Since point $$P$$ lies in the first quadrant, we take $$x_1=3$$.
Using $$(1)$$, $$y_1=\sqrt{3}(3-1)=2\sqrt{3}$$.
Thus $$P(3,\,2\sqrt{3})$$.

Consider the circle having $$PS$$ as a diameter.
If two points $$A(x_1,y_1)$$ and $$B(x_2,y_2)$$ are the ends of a diameter, the centre is the midpoint $$M\bigl(\tfrac{x_1+x_2}{2},\tfrac{y_1+y_2}{2}\bigr)$$ and the radius is $$\tfrac{1}{2}AB$$.

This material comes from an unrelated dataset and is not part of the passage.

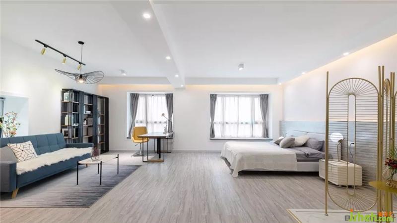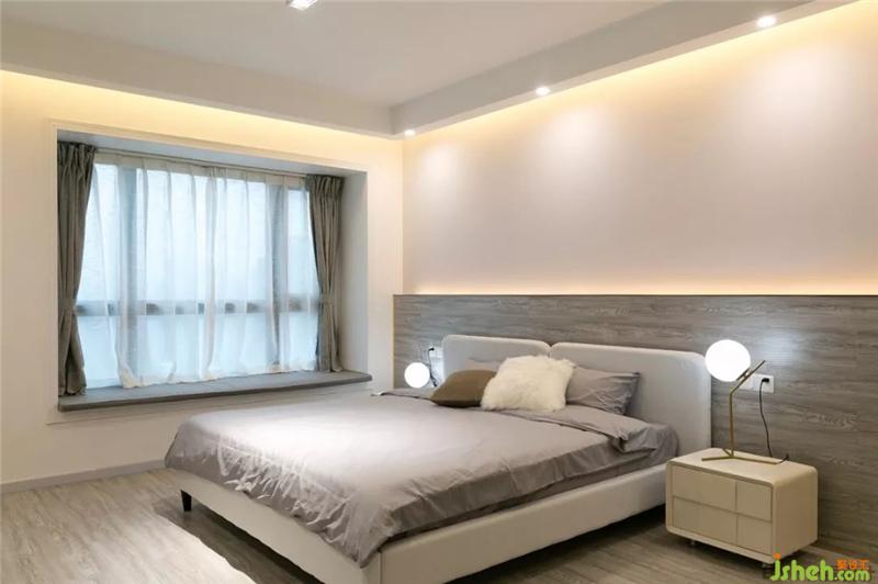 床頭后方墻壁采用木地板上墻的方式,與地板同一色調(diào),形成視覺的延伸效果。灰色調(diào),沉穩(wěn)大氣,簡(jiǎn)潔明朗的北歐風(fēng)格。

For $$P(3,2\sqrt{3})$$ and $$S(1,0)$$:
Centre $$M\left(\dfrac{3+1}{2},\dfrac{2\sqrt{3}+0}{2}\right)=(2,\sqrt{3})$$.
Radius $$R=\dfrac{1}{2}\sqrt{(3-1)^{2}+(2\sqrt{3}-0)^{2}}=\dfrac{1}{2}\sqrt{4+12}=2$$.

The circle is to touch the $$y$$-axis.
For a circle with centre $$(h,k)$$ and radius $$R$$, tangency to the line $$x=0$$ (the $$y$$-axis) requires $$|h|=R$$ and the point of contact is $$(0,k)$$.

Here $$h=2$$ and $$R=2$$, so the condition is satisfied.
Hence the touching point is $$(0,\alpha)=(0,k)=(0,\sqrt{3})$$, giving $$\alpha=\sqrt{3}$$.

Finally,
$$5\alpha^{2}=5(\sqrt{3})^{2}=5\cdot3=15$$.

Therefore, the value of $$5\alpha^{2}$$ is $$15$$, which corresponds to Option A.